» **Exercise requirements**:
Please return only the lines from the one with "وعن خططهم المستقبلية،" through the final line of the data, unchanged, with pictures omitted.

» **Dataset extract**:
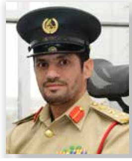
العميد محمد عبدالله المعلا

وعن خططهم المستقبلية، كشف عن أن فريق الاستراتيجية يقوم حالياً بتحليل البيئة الداخلية والخارجية، ودراسة التحديات العالمية على العمل الأمني، وذلك من خلال تحليل تقارير التنافسية والاطلاع على أفضل الممارسات العالمية، وبناء على ذلك ستحدد المختبرات الاستراتيجية لعام 2020، مع استمرار التركيز على التكامل مع الشركاء في تحقيق الأمن.
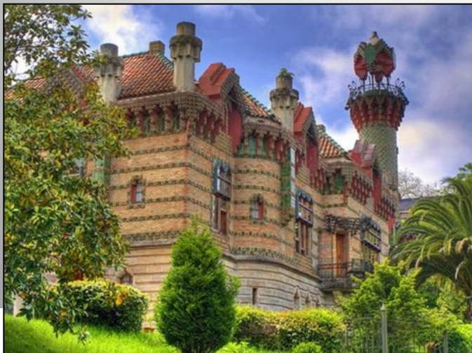
дом Эль Капричо

» **Written solution**:
وعن خططهم المستقبلية، كشف عن أن فريق الاستراتيجية يقوم حالياً بتحليل البيئة الداخلية والخارجية، ودراسة التحديات العالمية على العمل الأمني، وذلك من خلال تحليل تقارير التنافسية والاطلاع على أفضل الممارسات العالمية، وبناء على ذلك ستحدد المختبرات الاستراتيجية لعام 2020، مع استمرار التركيز على التكامل مع الشركاء في تحقيق الأمن.
дом Эль Капричо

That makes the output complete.